With her years of experience in environmental management, Haas sees this novel approach to species monitoring as a massive step forward.
Photo credit: Ts’udé Nilįné Tuyeta
“We used to have to take people with specialized skills into the wilderness who could identify hundreds of birds just by listening to them,” she says. “Now you can place these units and record many months’ worth of sounds and then scientists can sit and listen as long as they need to. It’s way more efficient and we can gather way more information. We’ve never before had this kind of glimpse into the lives of these animals.”

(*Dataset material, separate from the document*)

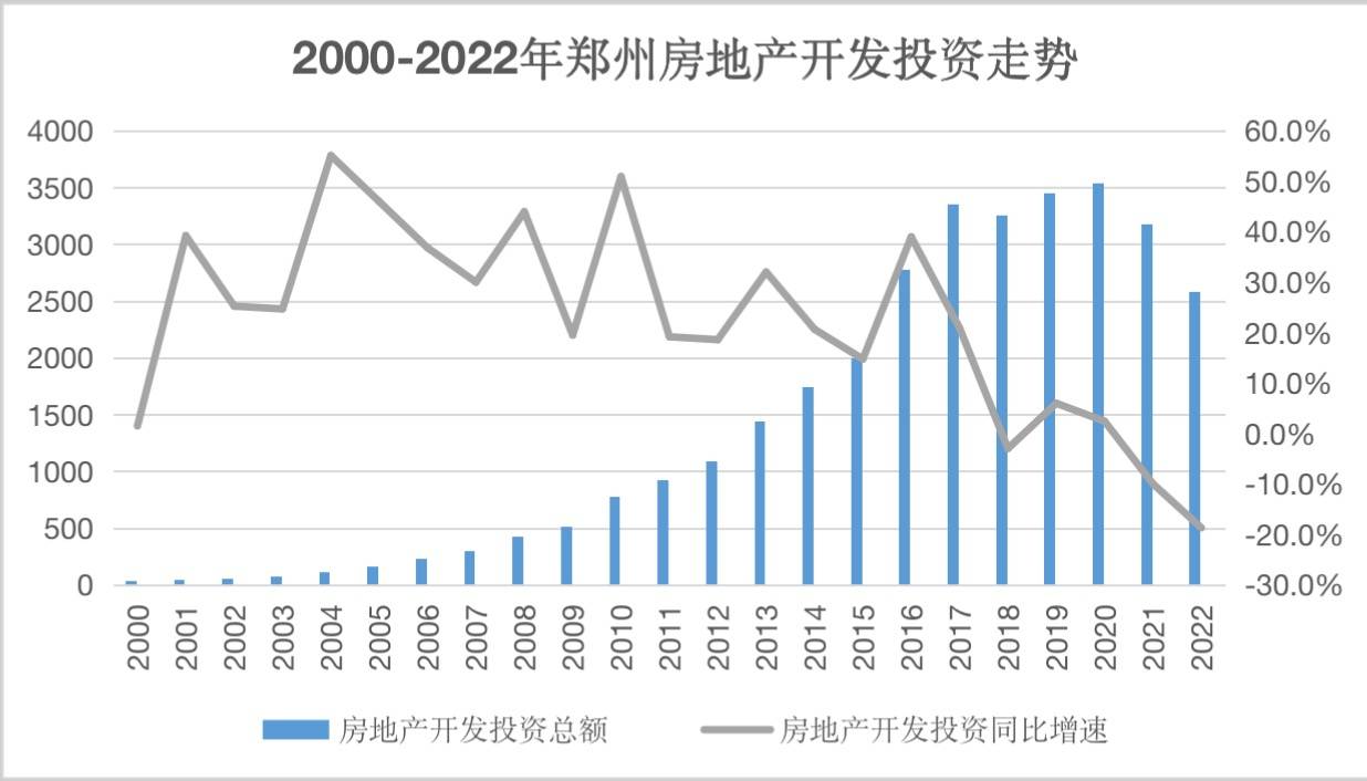 2000年,郑州房地产开发投资规模为34.2亿元,较前一年增长1.5%,2001年这一增幅就猛增达39.2%。此后17年间,郑州每年的房地产开发投资额都呈两位数的增长,且一度高达50%以上。2017年,郑州全市房地产开发投资规模为3358. 8亿元,较17年前增长近百倍。

Both Haas and Jolin are grateful to be studying at 51本色 where the university’s partnership with the Government of the Northwest Territories and wide network of relationships throughout the territory help to make this research possible.
“It’s pretty incredible for a smaller university to have a partnership with an entire territorial government, and it was definitely a good incentive to come here to do my postgrad studies,” says Jolin. “Being able to be up there over the summer and learn from the Indigenous peoples who live and rely on that landscape, it was very humbling for me. I learned an incredible amount.”